American filmmaker (born 1986)

Adam Richard Steigert (born December 31, 1986) is an American filmmaker, known for his films OMBIS Alien Invasion, A Grim Becoming, Fang and The Horrific Evil Monsters. He co-founded the Buffalo-based production company 388 Studios in 2018.

==Life and career==
Steigert was born in Hamburg, New York on December 31, 1986. His parents were Warren Richard Steigert and Jean M. Sanders, and he was raised by his grandparents, William and Kathleen Sanders. He formed the production company DefTone Pictures Studios with Stephanie Wlosinski, writing and directing the 2008 film Bitez and the 2009 film Gore. His most popular film involves zombies in Prisoners of the Dead. He later wrote, directed, and produced the short exploitation film Homicidal Vengeance.
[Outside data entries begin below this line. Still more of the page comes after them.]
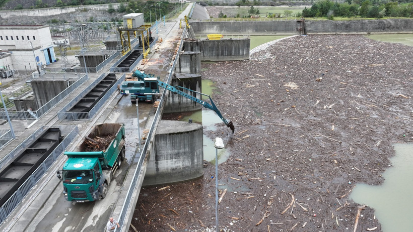 Devlet Su İşleri (DSİ) ekipleri, baraj gövdesinde biriken tomruk ve çamurların temizlenmesi için çalışmalarını sürdürüyor. Ekipler, iş makineleriyle yoğun bir tempoyla göl yüzeyini kirlilikten arındırmaya çabalıyor.
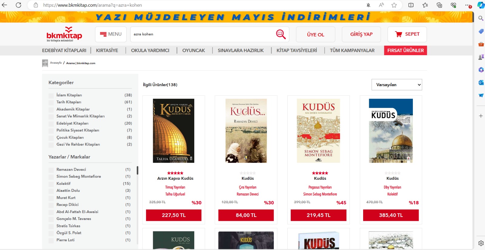 BKM Kitap’ta Azra Kohen’in ismi aratılınca Filistin’le ilgili kitaplar listeleniyor.
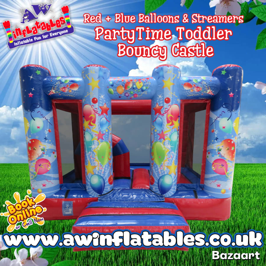 Red & Blue 'Party Time' Toddler 10x13 Bouncy Castle for Hire
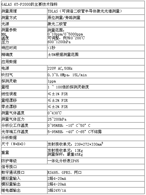 激光在线气体分析仪(氨气)GALAS 6T-P2000选取以基于可调谐二极管(TDLAS)激光吸收光谱技术的激光在线气体分析仪采用原位探杆式激光分析法,测量氨逃逸量。
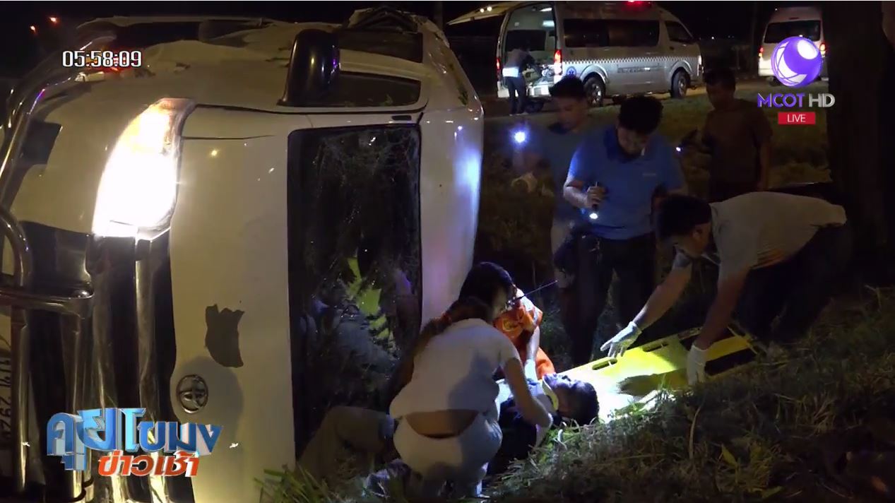นครราชสีมา 3 พ.ย. – รถตู้โดยสารเสียหลักชนต้นไม้พลิกคว่ำบาดเจ็บ 7 ราย คาดคนขับหลับใน

In 2013, Steigert wrote and directed the science fiction film Ombis: Alien Invasion, which was later re-titled in Best Buy, Walmart and Netflix as Not Human.

In 2014, Steigert directed, co-wrote, and co-edited the comedy horror film A Grim Becoming. Steigert then directed, co-wrote, and produced the 2017 film STAR [Space Traveling Alien Reject]. His next project, a werewolf-based horror film titled Fang, released in 2018. He then created a horror team up known as The Horrific Evil Monster.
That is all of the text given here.